Aside from being a bit lightheaded and dizzy, I am feeling really good this week. It helps that the secret is out there and others know and can share in our joy. It also helps that I am not craving carbs every thirty seconds to keep the nausea at bay. I feel back to my normal self, just with a baby in tow. Speaking of a baby in tow, you've given me a bump that seemed to come out of nowhere last week. My jeans are about to be put away for the year.
I went in for a routine appointment on Tuesday and she unexpectedly pulled out a heartbeat ultrasound machine. She rubbed it along my middle and I heard a quick heartbeat confirming you were still in there and doing well. "152," she said. "Sounds perfect." It is the most affirming and comforting sound to hear.
And then this morning we got to see you again on the big screen.
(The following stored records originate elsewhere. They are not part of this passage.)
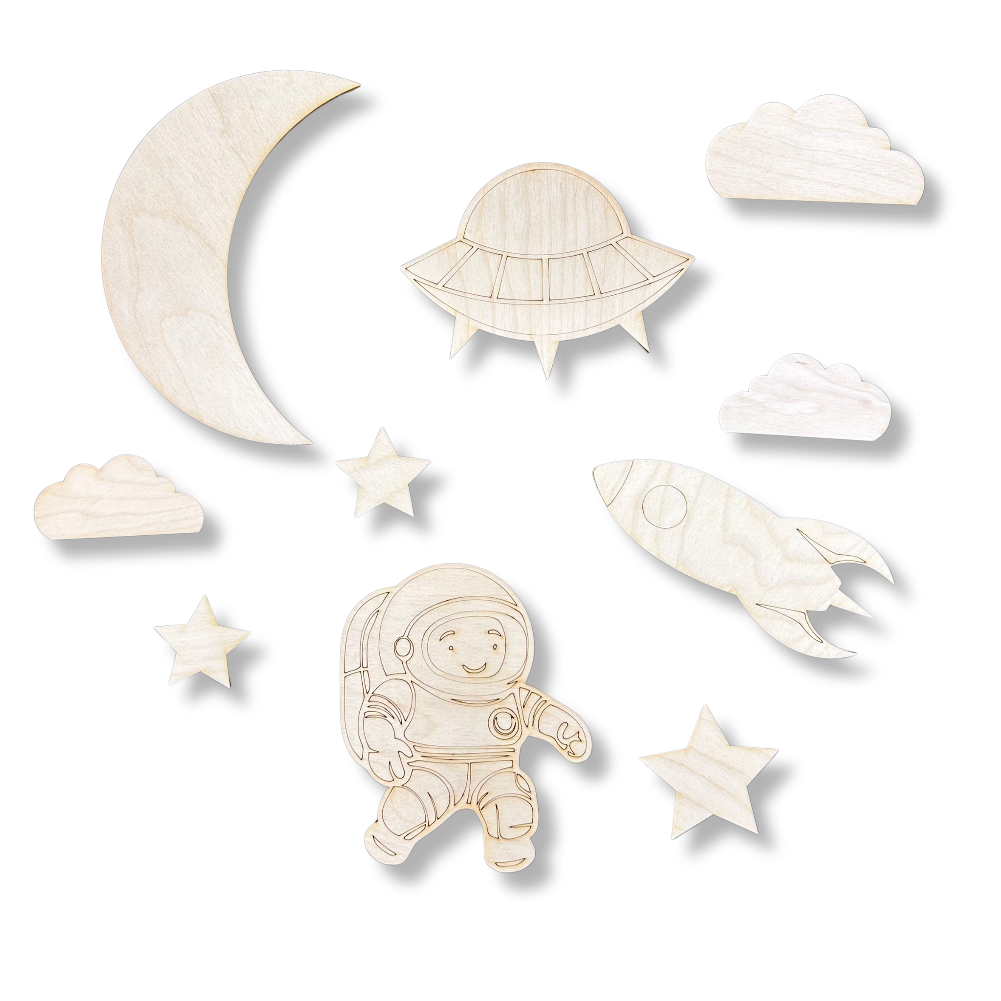 - wymiary poszczególnych elementów: księżyc -19,6 x 6,7 cm, astronauta – 16 cm x 13,2 cm, statek kosmiczny – 15,8 cm x 11,5 cm, rakieta – 16, 8 cm x 6,8 cm, chmury – 10,5 cm x 5,6 cm, 8,8 cm x 4,3 cm, gwiazdy – 7cm, 5 cm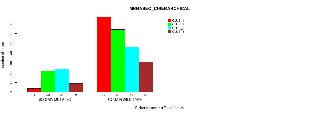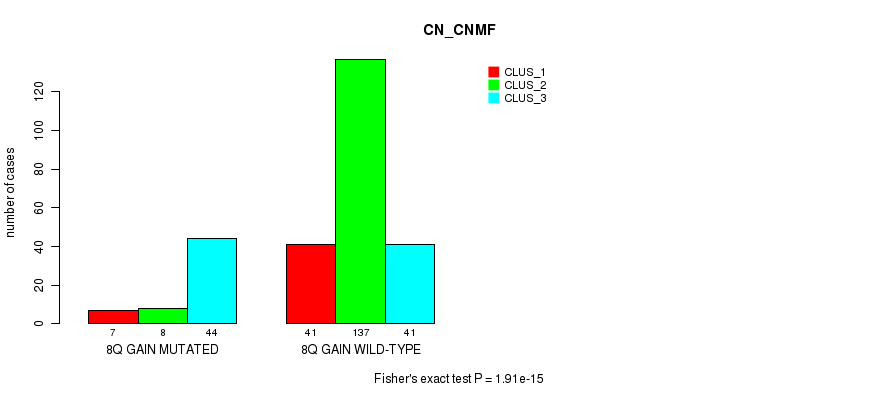 8q gain cnv correlated to 'CN_CNMF', 'METHLYATION_CNMF', and 'MRNASEQ_CHIERARCHICAL'.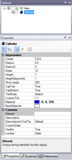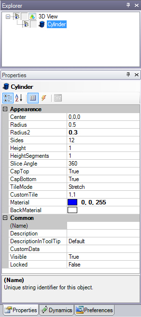 Use the cylinder's properties to make other changes to the cylinder. Many of the cylinder's properties are described in Common Properties for All 3D Primitives.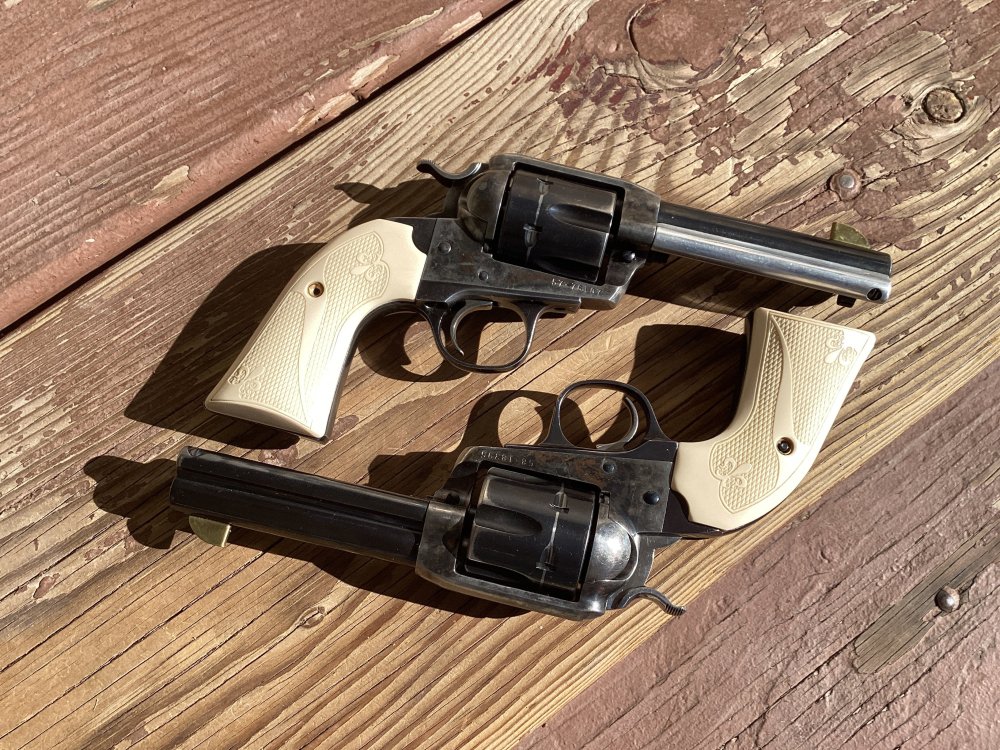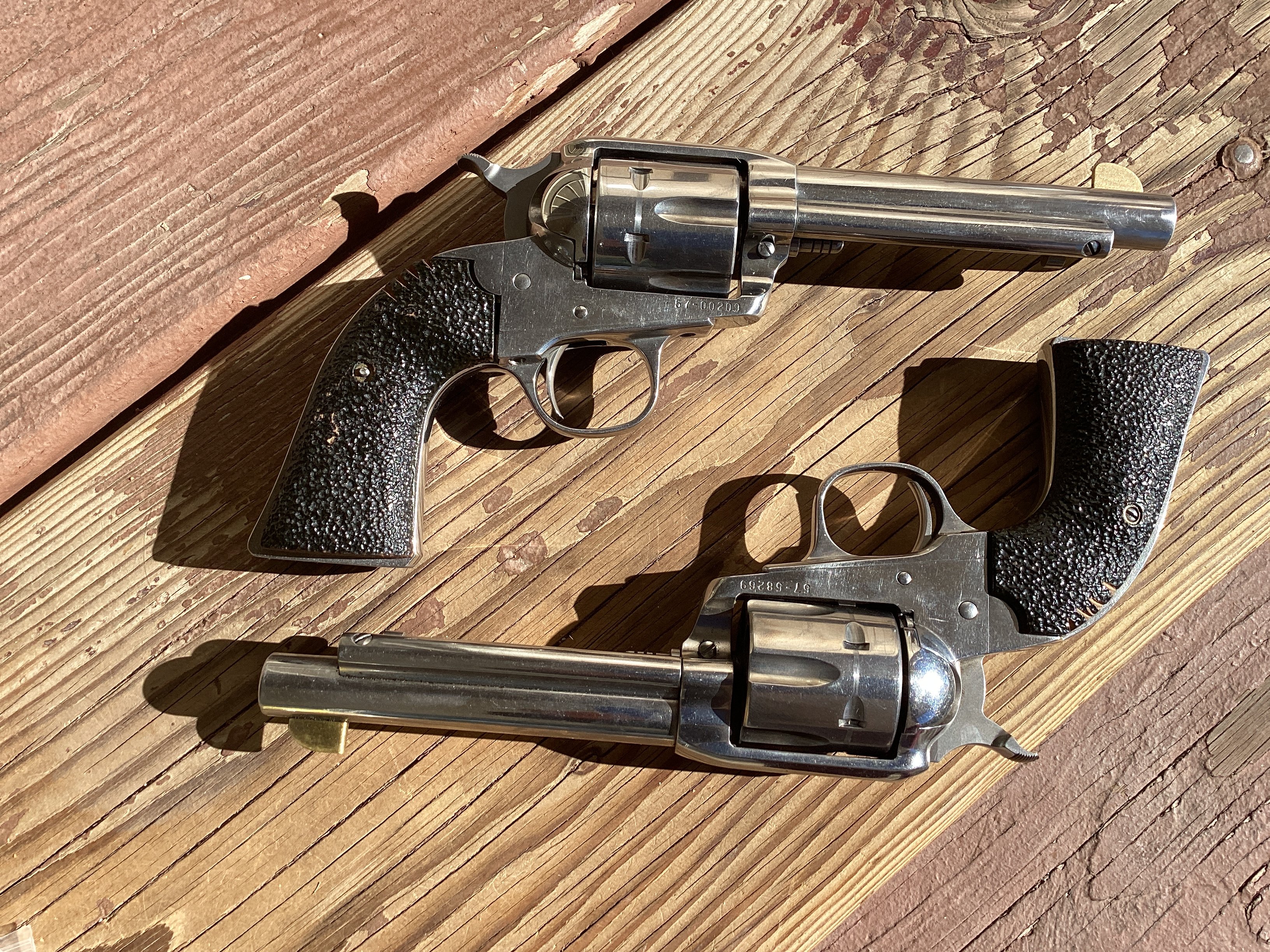 Pair Stainless Vaquero Bisleys in .45 Colt with 5-1/2” barrels, Shotgun Bogie installed short strokes, with extra grips and soft cases. Not Consecutive SN. $1900 OBO plus shipping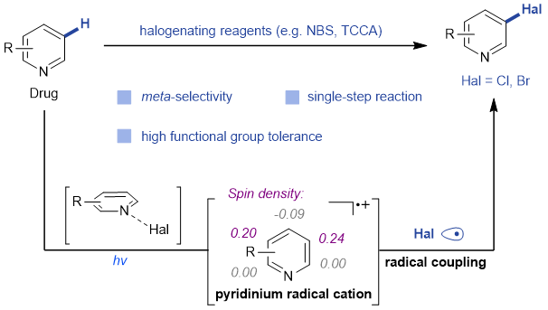 在此背景下,该团队使用常用的亲电卤化试剂(NBS、TCCA),利用可见光诱导产生活性吡啶自由基阳离子中间体,与体系中产生的卤素自由基以自由基偶联的方式高区域选择性生成间位卤化产物。反应的活性和选择性由吡啶自由基阳离子的自旋密度分布与潜在的π-π堆积调控,这在以往研究中从未报道过。该反应条件温和,可以在空气氛围中进行,具有良好的底物普适性,并能应用于复杂药物分子的后期官能化修饰。

You were moving around, your head and arms turning every which way. It made me laugh as you are becoming bigger and bigger. We saw fingers and a nose and the umbilical cord all where they should be. I know you are tucked safely inside, but not being able to see you often or feel you yet makes my mothering heart worry just a tad. Seeing you was the reassurance I needed after a busy and tiring last two weeks.
I've already found myself feeling extremely responsible for you and protective over you. I know this will only multiply as you eventually join us in this world.
We are so looking forward to that day.